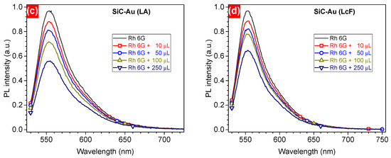 Influence of Si-Au (a,b) and SiC-Au (c,d) NCs prepared by: (a,c) direct laser ablation and (b,d) laser co-fragmentation approaches on PL spectra of rhodamine 6G (excitation wavelength is 525 nm).
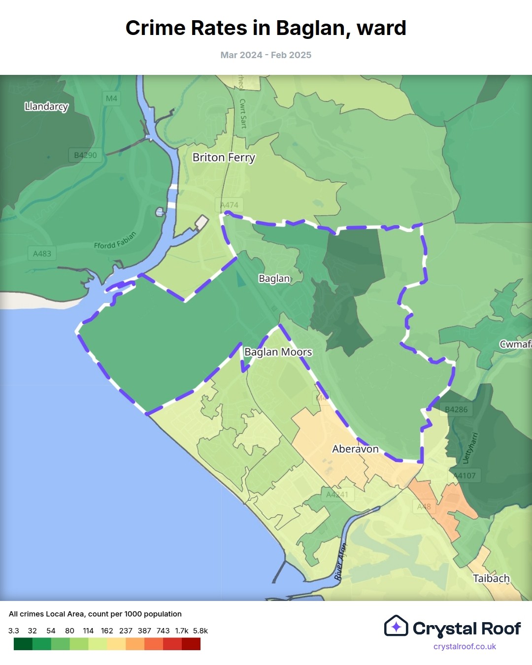 The figures in grey indicate the relative ratings of Baglan (ward) for a specific crime type compared to other wards in England and Wales.
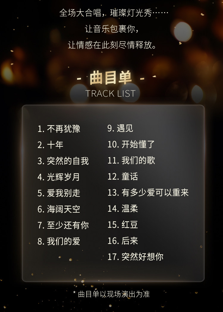 演出名称:【深圳】「突然好想你」我们的【歌】经典流行金曲live新年演唱会-沙井站【网上订票】演出时间:2026.01.24 周六 19:00

Task:
Exact copy required, pictures excluded: the lines from the one holding "The figures in" through the last line of the data, both ends included.

Solution to this task:
 The figures in grey indicate the relative ratings of Baglan (ward) for a specific crime type compared to other wards in England and Wales.
 演出名称:【深圳】「突然好想你」我们的【歌】经典流行金曲live新年演唱会-沙井站【网上订票】演出时间:2026.01.24 周六 19:00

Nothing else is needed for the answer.